A hesitant, almost sheepish Barlow continues, admitting his dream of channeling Antetokounmpo in the NBA.
“This is gonna be a hard example, just because he’s one of a kind, but like a Giannis almost,” he says. “He still does the little things that most superstars wouldn’t even think about doing. He does that on a nightly basis. We just saw him yesterday, 30 feet behind the play trying to chase down Jayson Tatum. He gets dunked on, then just gets up like nothing happened. Those are winning plays that if he gets one out of 10 times, he helps his team.”
The odds are definitely against Barlow winning multiple MVPs, dragging a small-market franchise to its first championship in half a century and staking a forceful claim as the best player in the world. Like he says, Giannis is one of one.
But the attitude that separates Barlow from his peers isn’t dissimilar from that which has molded Antetokounmpo into one of basketball’s greatest all-time success stories.
Genuine humility, measured confidence and a burning desire to be his best already has Barlow at the end of a journey to the NBA no one imagined less than a year ago. Who wants to bet against his next path leading to stardom?
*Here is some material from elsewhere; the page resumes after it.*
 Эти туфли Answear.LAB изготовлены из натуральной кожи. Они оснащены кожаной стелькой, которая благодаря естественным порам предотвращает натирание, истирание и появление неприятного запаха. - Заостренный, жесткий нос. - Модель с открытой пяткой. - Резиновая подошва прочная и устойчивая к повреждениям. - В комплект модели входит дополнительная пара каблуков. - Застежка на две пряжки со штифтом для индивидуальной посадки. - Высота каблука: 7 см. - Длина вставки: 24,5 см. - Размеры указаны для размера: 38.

“You’re not gonna get a quote from me limiting what Dom could become,” Quinn says. “If he averaged 20 points a game for four or five years in the NBA, that would not surprise me.”
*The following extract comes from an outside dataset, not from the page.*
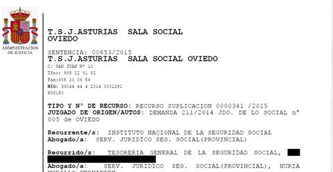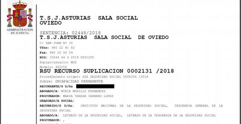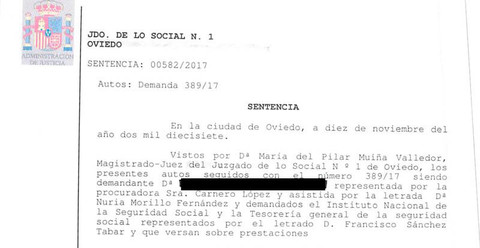[Leer Más]Dicha sentencia ha sido confirmada por el Tribunal Superior de Justicia de Asturias desestimando el recurso interpuesto por el Instituto Nacional de la Seguridad Social.

Just the start of what makes Barlow such an intriguing prospect and surefire fan favorite at the next level—not to mention a perfect fit for the development-focused Spurs—is that his perspective won’t change either way.
Finding his NBA niche as an irreplaceable starter, game-changing third big or random playoff spark plug, Dominick Barlow will be waiting and ready to make his unique presence felt.
“I know that I’ve worked for it every step of the way,” he says. “Nothing got handed to me, and that’s what makes the journey that much better—knowing that I earned the right to be on it. Nobody can take that away from me.”